A little less than a year ago, Murrysville council members voted to enter a lease agreement with Olympus Energy for oil and gas rights thousands of feet beneath the town’s two largest parks. Part of residents’ opposition to the leases was a petition signed by about 175 people. Council also entered into a lease last year with Apex Energy for land beneath Kovalczik Park.
Last week, members of nonprofit environmental group Protect PT presented a second petition opposing the leases, with sufficient signatures to force a council vote.
Murrysville’s ordinances require council to take action on a petition within 60 days if it includes signatures amounting to 2% or more of registered voters. Protect PT’s petition was signed by more than 320 Murrysville residents.
“We believe a title search should have been done before leasing this property,” said Tom Pike, environmental policy advocate for Protect PT and a former Murrysville resident. Pike said he believes there are issues regarding ownership of the oil and gas rights and that Murrysville might not have been in a position to lease them.
Pike requested on behalf of petition signatories that Murrysville rescind all three leases, and suggested council could be opening the municipality to legal liability by letting them stand.
Murrysville Solicitor Wes Long agreed that a title search is an important part of the process, one that either was or should have been performed by the drilling companies.
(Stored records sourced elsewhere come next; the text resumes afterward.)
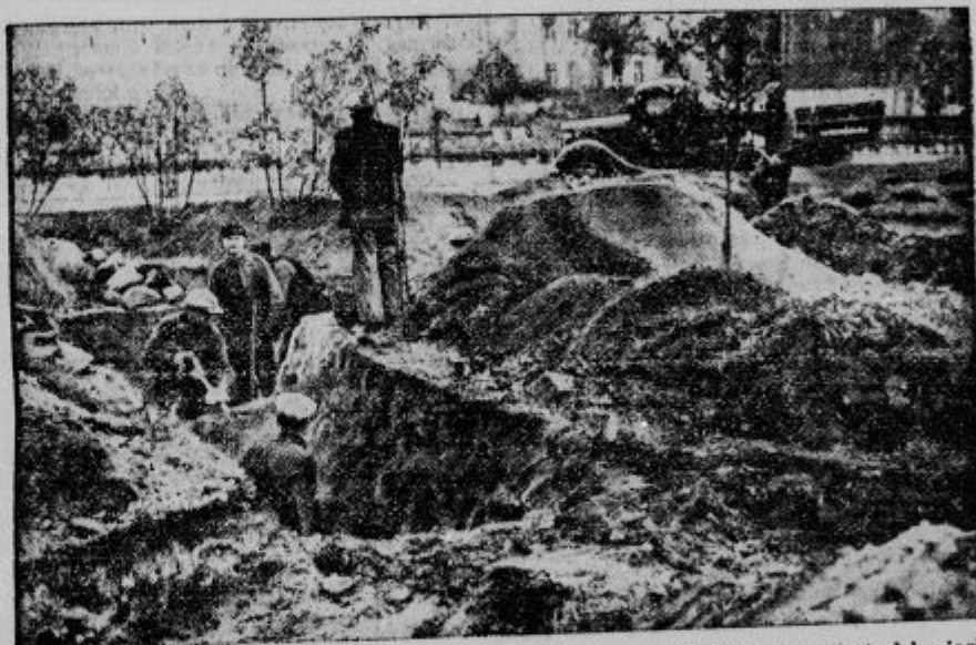
Ko se je začelo napeto razmerje med Sovjetijo in Finsko, so začeli Finci kopati strelske järke.
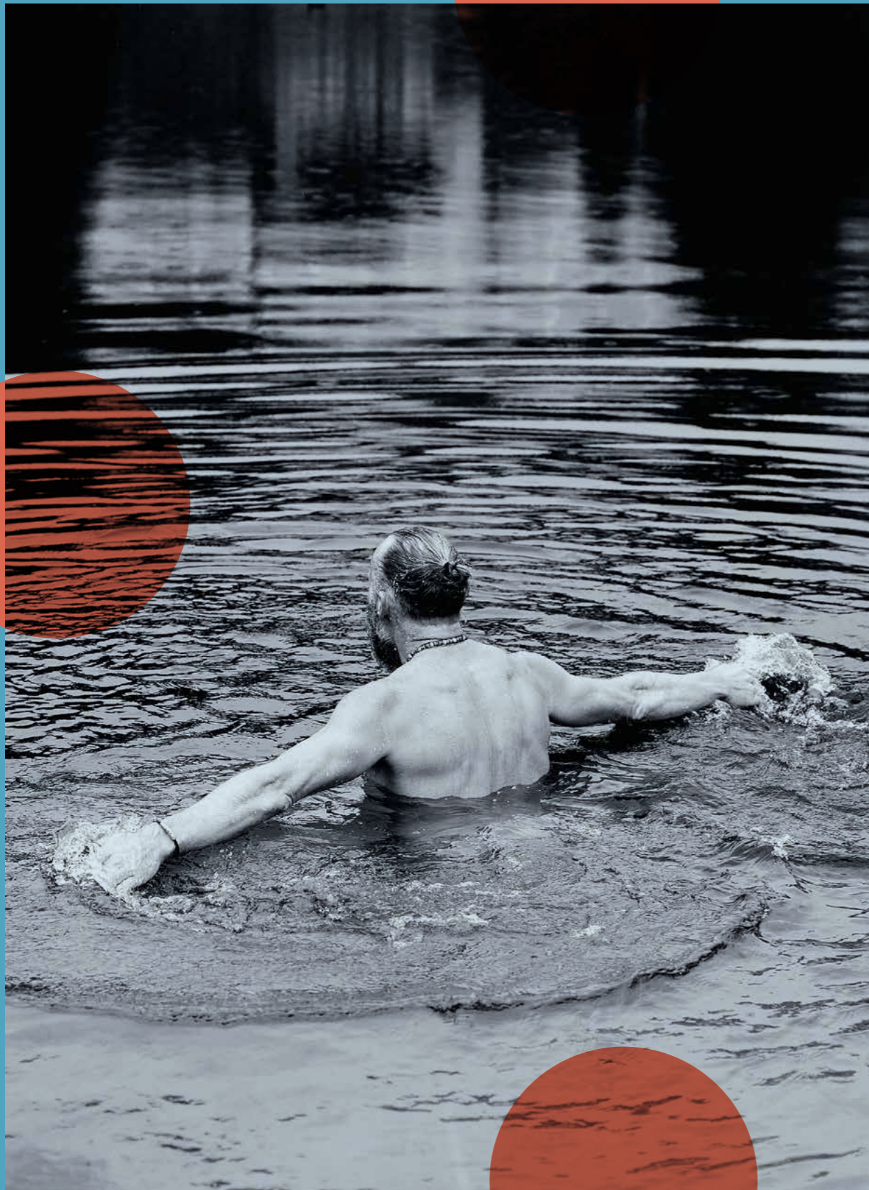
Raus aus der Komfortzone, hinein ins kalte Wasser.
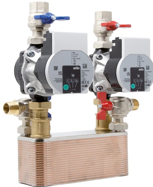
Dimensioni 15 x 35 x 35 cm (PxBxH)
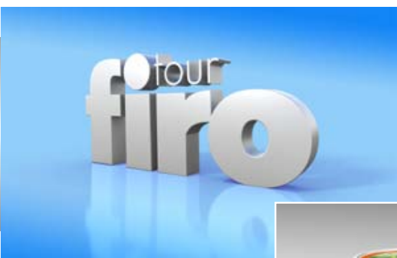
TV Spot Firo Tour klient: Event&Promotion
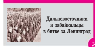
Дальневосточники и забайкальцы в битве за Ленинград
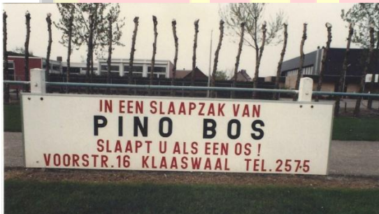
Figuur 1 Reclamebord oud.

De constructie bestaat uit 2 verschillende methoden. Hoofdzakelijk zijn de borden rondom het veld bevestigd aan de omheining van het veld. In het verleden gebeurde dit aan de betonnen afrasteringspalen, zie foto 1. Bij de aanleg van het kunstgrasveld is de omheining ook vernieuwd en daarbij ook de ophanging van de borden, foto 2. De constructie is zodanig dat een willekeurig bord eruit gewipt kan worden of erin gezet zonder de naast staande borden weg te moeten halen.
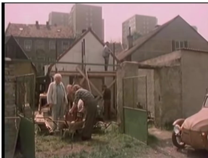
Pohled z Podprůhonu na sídliště na Novém Kladně
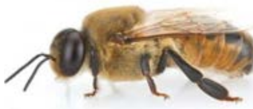
زنبور نر (طول بدن ۱/۵ سانتی‌متر)
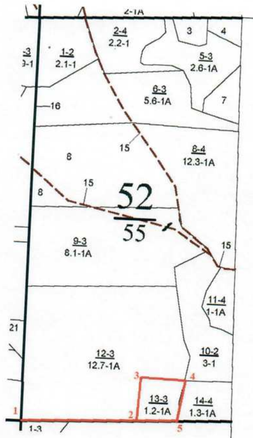
Румбы и длины линий
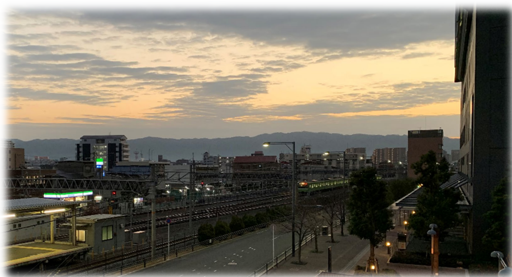
久宝寺駅からの高安山と朝焼け
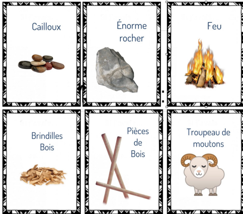
Cartes Ruse 1
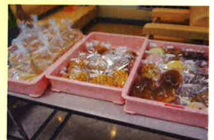
特別養護老人ホーム 緑風館

“The quality of the title to the oil and gas is to be determined by Olympus or Apex,” Long said. “The only thing we warranted in the leases is that we weren’t receiving any revenue or royalties under any other leases connected to those properties. So there’s no liability on the municipality. It rests on the shoulders of the drilling companies.”
Council voted unanimously to deny the petition. Council President Dayne Dice was not present.
Long said council would be in greater legal jeopardy by breaking the contracts they signed last year, for which Murrysville has received more than $2 million.
“We signed leases, they paid us consideration, and there are binding contracts,” he said. “Additional damages could include any money the oil companies spent while relying on the leases.”
Access to the shale formations several thousand feet underground would originate at Olympus’ Poseidon well pad in Penn Township. There would not be a well pad or any construction happening at either park, Murrysville officials said.
In addition, fracking beneath Duff Park would take place only in the Utica shale formation, which is even farther underground than the Marcellus shale formations.